5 Frames with a Mamiya 6

Ever since reading Ken Rockwell's review, I've wanted a Mamiya 6. And now I have one!...

3 months ago

Latest Post 5 Frames with Cross-Processed XP2 by Rob Kent
Kevin the Mamiya 6 with 50mm, 75mm and 150mm lens chums

Ever since reading Ken Rockwell's review, I've wanted a Mamiya 6.

"This is my favorite version, and actually, my favorite camera of all time." - Ken Rockwell

It's a medium format (6x6cm) interchangeable lens rangefinder camera, manufactured between 1989 and 1993, for which Mamiya made just three (leaf shutter) lenses: 50mm f/4, 75mm f/3.5 and 150mm f/4.5.

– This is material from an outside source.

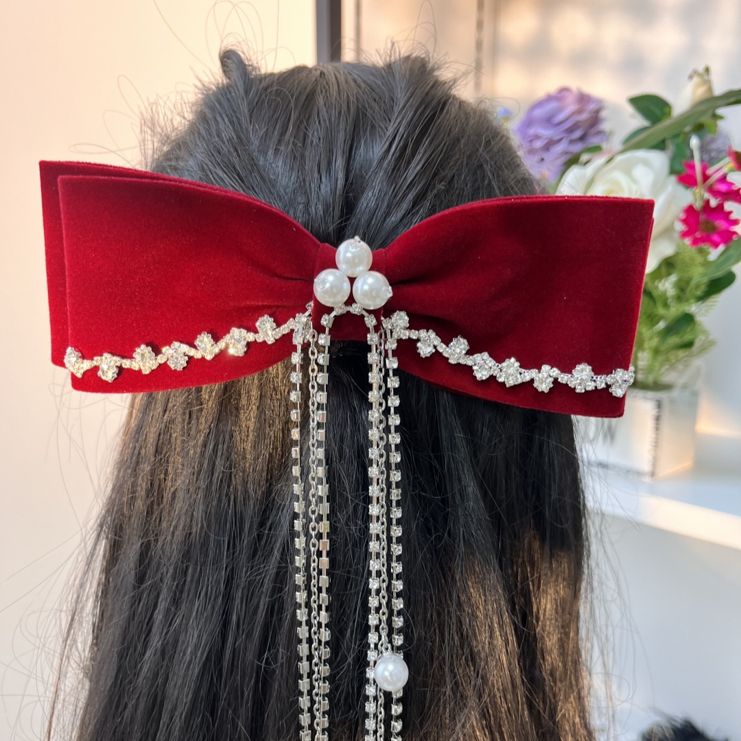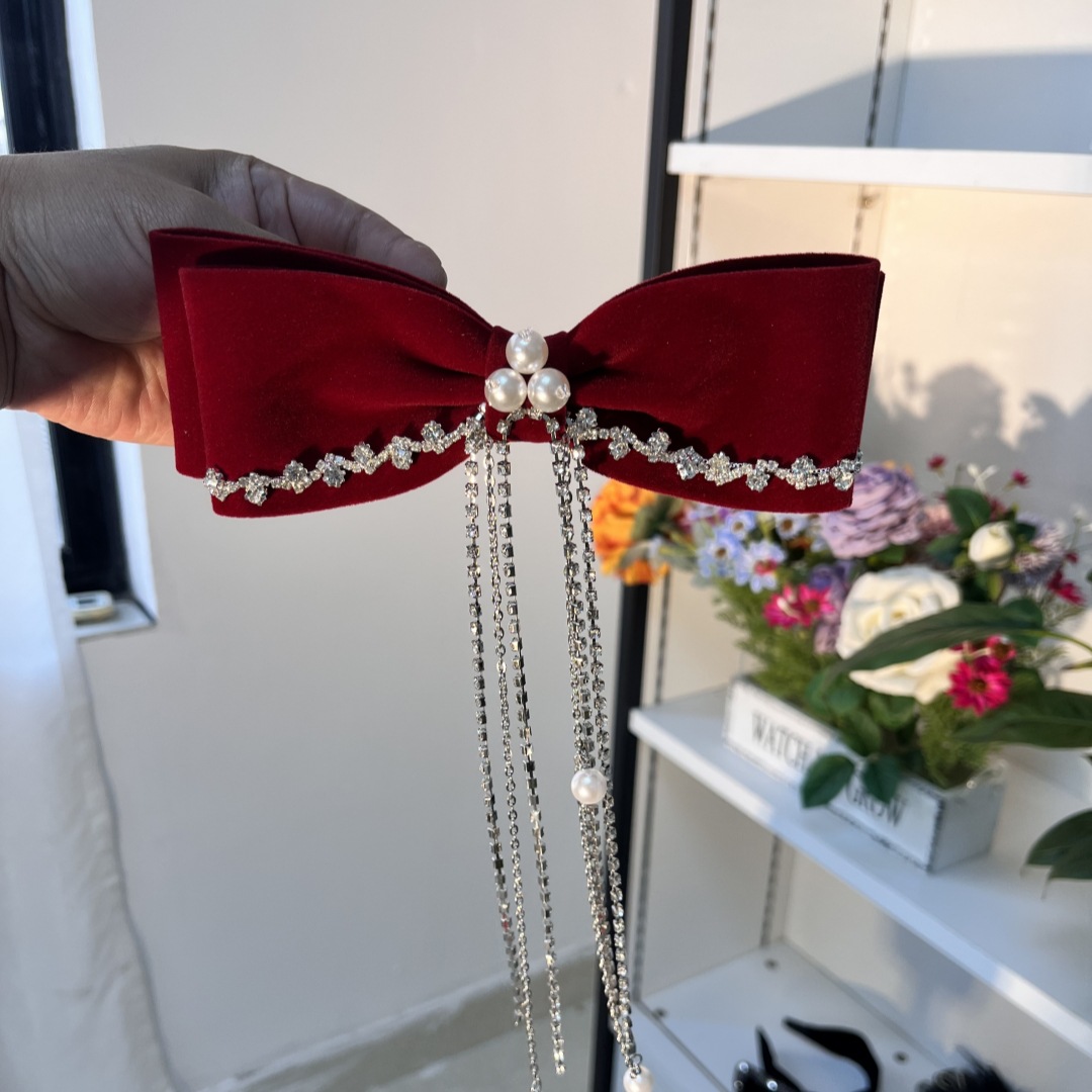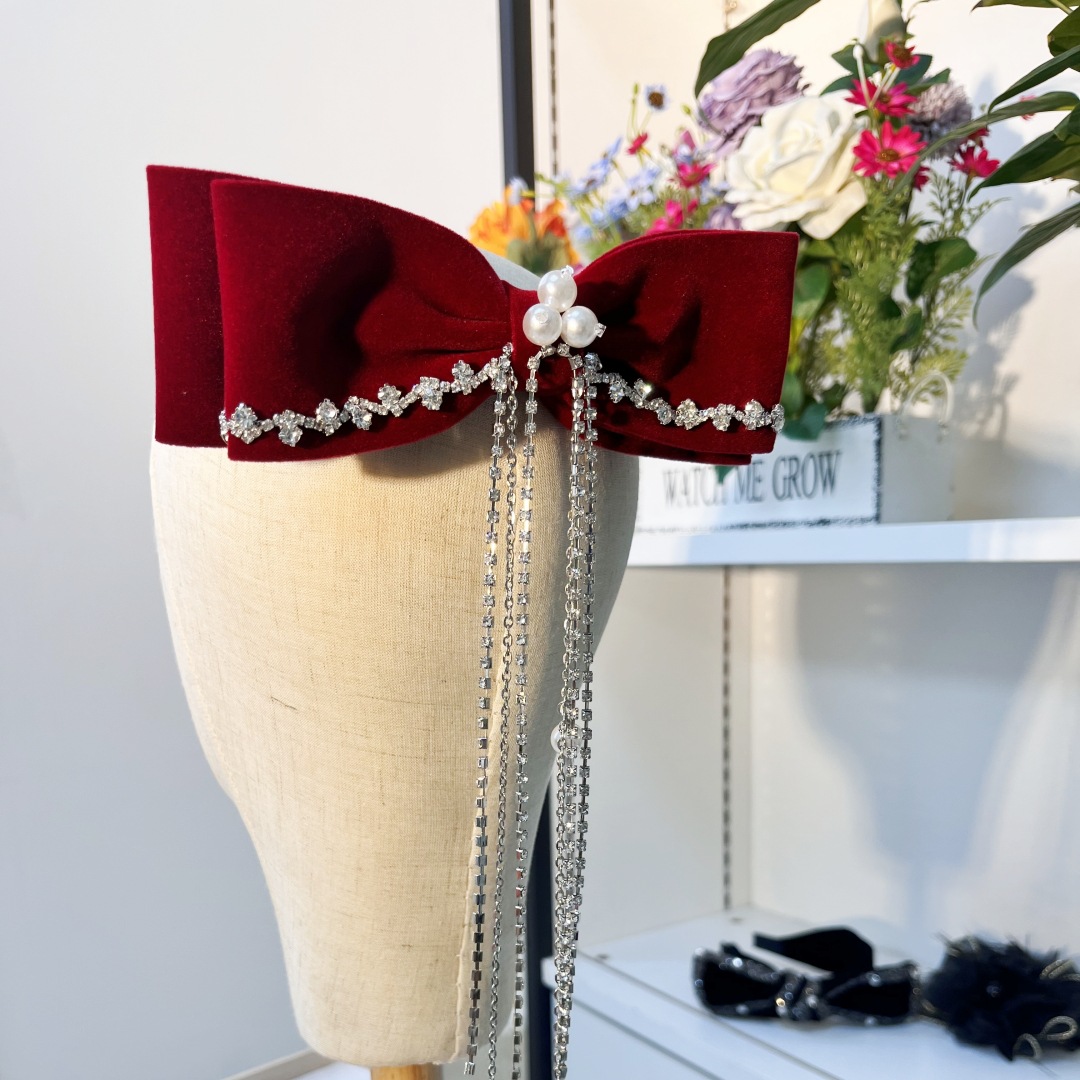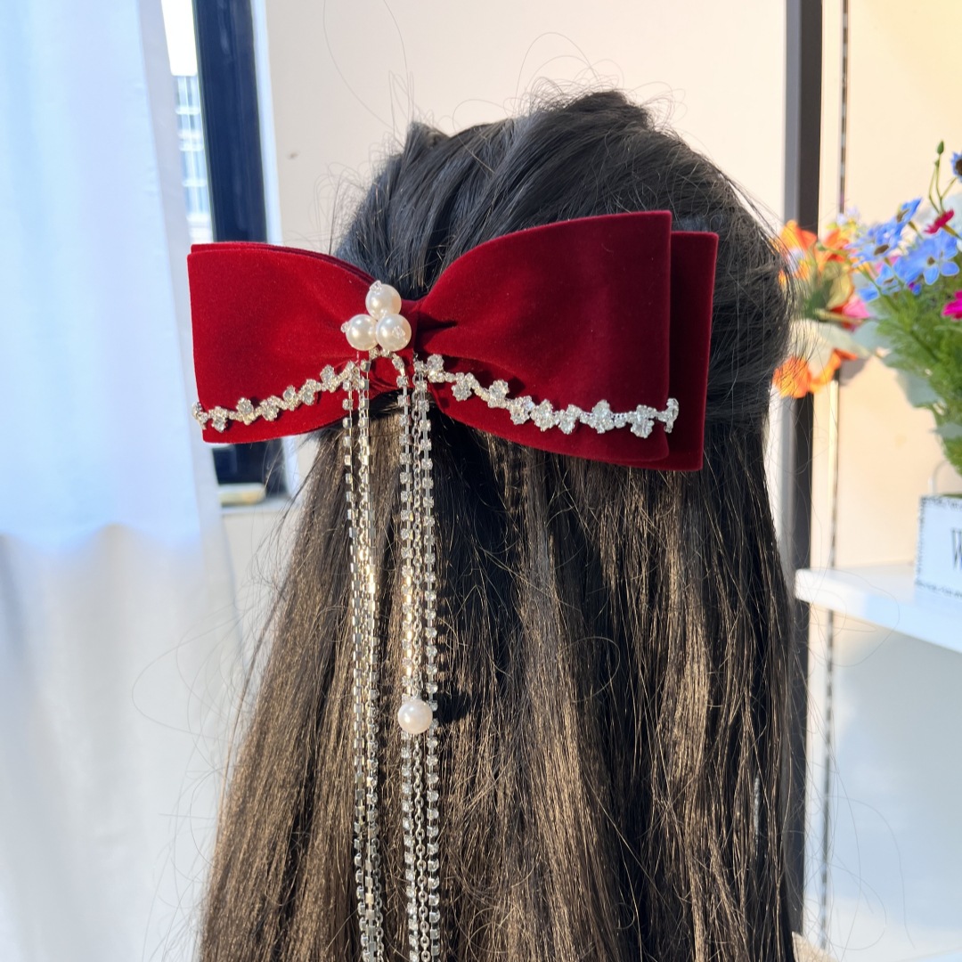 喜庆蝴蝶结头饰丝绒镶钻发夹流苏镶钻气质时尚发饰敬酒服饰

After coveting this camera for a while, a full system of body and three lenses came up on Ebay for "the right" price and, after prevaricating for a few days, I snapped it up. But why did I want one so much?

Well, for a medium format camera, its small. This is thanks to the fact that it's a rangefinder (so no mirror to worry about) and the fact that the lenses can be collapsed into the body when not in use. Also, its idiot proof! The camera has interlocks to stop you shooting when the lens box is collapsed, when the lens cap is on (so no "Claptons" here!) and if there's no film loaded. It's really easy to shoot: I have never seen a rangefinder patch so bright and the guidelines in the viewfinder automatically adjust for the attached lens. The light meter is averaged across the viewfinder and gives excellent results, particularly when using the auto-exposure mode. The fact that each lens has its own stepless leaf shutter means that the camera is almost silent and can flash sync at all speeds (4s to 1/500s). Oh, and the batteries last forever!

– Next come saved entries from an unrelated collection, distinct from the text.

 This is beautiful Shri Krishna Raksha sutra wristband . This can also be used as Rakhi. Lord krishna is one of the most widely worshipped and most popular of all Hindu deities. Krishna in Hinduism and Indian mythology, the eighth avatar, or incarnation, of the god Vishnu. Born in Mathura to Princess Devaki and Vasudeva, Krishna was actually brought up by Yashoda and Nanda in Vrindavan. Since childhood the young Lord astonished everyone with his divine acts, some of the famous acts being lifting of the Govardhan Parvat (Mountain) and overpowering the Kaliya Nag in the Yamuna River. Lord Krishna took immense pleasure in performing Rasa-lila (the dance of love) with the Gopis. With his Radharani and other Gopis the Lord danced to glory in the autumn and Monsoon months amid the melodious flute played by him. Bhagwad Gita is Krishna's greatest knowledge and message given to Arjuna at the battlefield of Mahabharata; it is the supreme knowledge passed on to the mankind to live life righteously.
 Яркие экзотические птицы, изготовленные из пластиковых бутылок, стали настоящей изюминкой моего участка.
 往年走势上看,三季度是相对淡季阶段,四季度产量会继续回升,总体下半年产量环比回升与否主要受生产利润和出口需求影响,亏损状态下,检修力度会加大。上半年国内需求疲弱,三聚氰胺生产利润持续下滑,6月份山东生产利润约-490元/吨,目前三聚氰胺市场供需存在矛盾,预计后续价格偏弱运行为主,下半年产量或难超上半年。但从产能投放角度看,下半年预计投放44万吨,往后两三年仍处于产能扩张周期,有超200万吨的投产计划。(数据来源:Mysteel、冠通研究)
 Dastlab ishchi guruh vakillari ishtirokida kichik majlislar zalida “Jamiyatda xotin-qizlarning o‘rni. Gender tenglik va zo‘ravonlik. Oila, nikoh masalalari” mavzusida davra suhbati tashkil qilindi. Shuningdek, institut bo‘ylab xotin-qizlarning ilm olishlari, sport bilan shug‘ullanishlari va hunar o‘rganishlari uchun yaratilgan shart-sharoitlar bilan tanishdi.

So, was it as good as I'd hoped? Absolutely, as you can probably tell from the tone of the above paragraph! This camera really is a joy to shoot. After using both Fed-4 and Petri 7 35mm rangefinders before, I swore I would never get another after finding them hard/frustrating to focus in anything but perfect, bright light. The Mamiya 6 has changed my mind: focusing is so easy thanks to the large viewfinder and the bright rangefinder patch.

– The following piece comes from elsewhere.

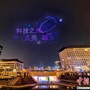 1月18日,“AI之夜 星空梦想”活动在雄安新区举行,汇聚人工智能领域的专家学者、行业领军人物、创新企业代表,共同探讨AI如何塑造美好未来。图为活动现场无人机表演。(资料图) 中新网记者 韩冰 摄
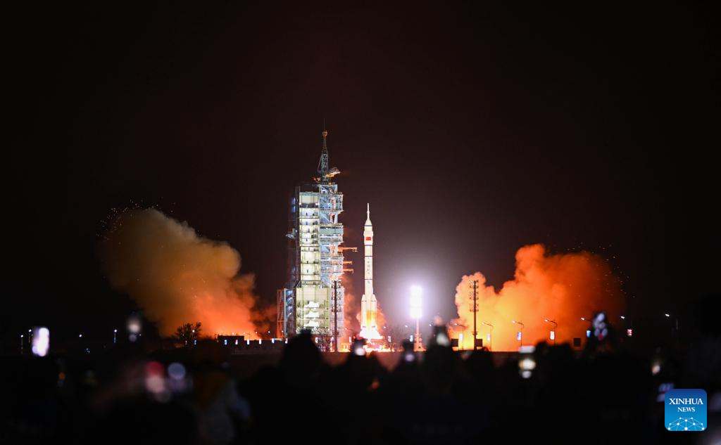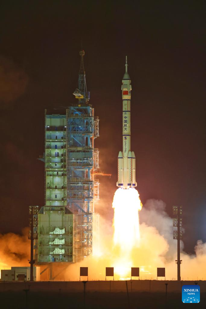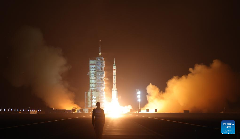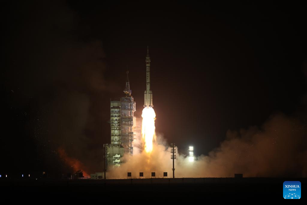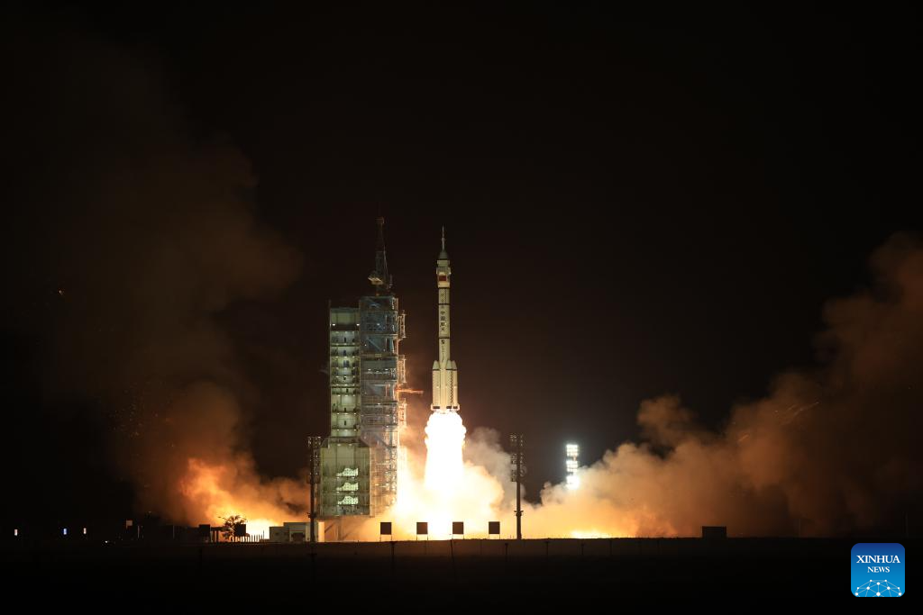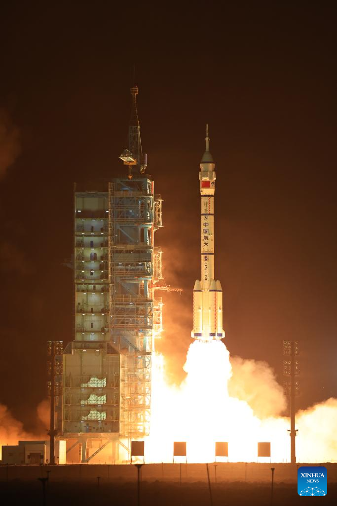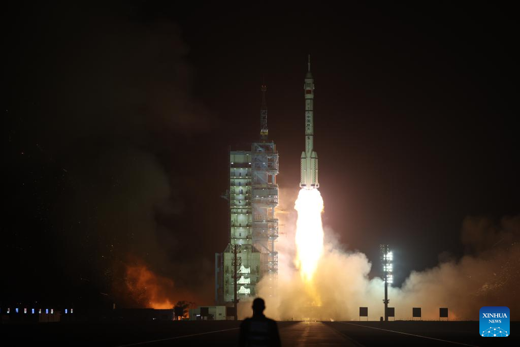 The Shenzhou-18 manned spaceship, atop a Long March-2F carrier rocket, is launched from the Jiuquan Satellite Launch Center in northwest China, April 25, 2024. (Xinhua/Lian Zhen)

With all the pro's I should at least mention one con: changing lenses is a bit of an involved process. Because there is no mirror and the shutter is actually in the lens, you have to deploy a builtin screen over the film, by turning a control on the base of the camera, before you can remove the lens. To deploy the screen, you first have to wind the film on. Once you have changed the lens, you then have to remember to stow the screen. The good thing is that the camera provides electro-mechanical interlocks to stop you getting this sequence wrong, but I did have to read the manual to get the steps in the right order.

So, I loaded up a 120 roll of Ilford Delta 400 Professional and what follows are five of the images I took around Dundee.

"Jogger", Mamiya 6, 50mm f/4 @ f/4, 1/500s, Ilford Delta 400 Professional
"Tay Rail Bridge", Mamiya 6, 50mm f/4 @ f/8, 1/250s, Ilford Delta 400 Professional
"Aftermath", Mamiya 6, 50mm f/4 @ f/4, 1/250s, Ilford Delta 400 Professional
"Yesterday's Tomorrow", Mamiya 6, 75mm f/3.5 @ f/11, 1/250s, Ilford Delta 400 Professional
"Fife over the Tay", Mamiya 6, 150mm f/4.5 @ f/16, 1/250s, Ilford Delta 400 Professional

All in all, I was very pleased with the results. Whilst not all of the twelve shots were well composed (mea culpa), they were all well exposed (thank you auto-exposure mode!) and in focus. I had this first roll of film professionally developed to ensure good results and to verify the cameras operation, however, as can be seen in the last image, a few hairs made there way on to the scanner! I will rescan them in due course...

Anywho, if you can, buy a Mamiya 6! You won't be dissapointed.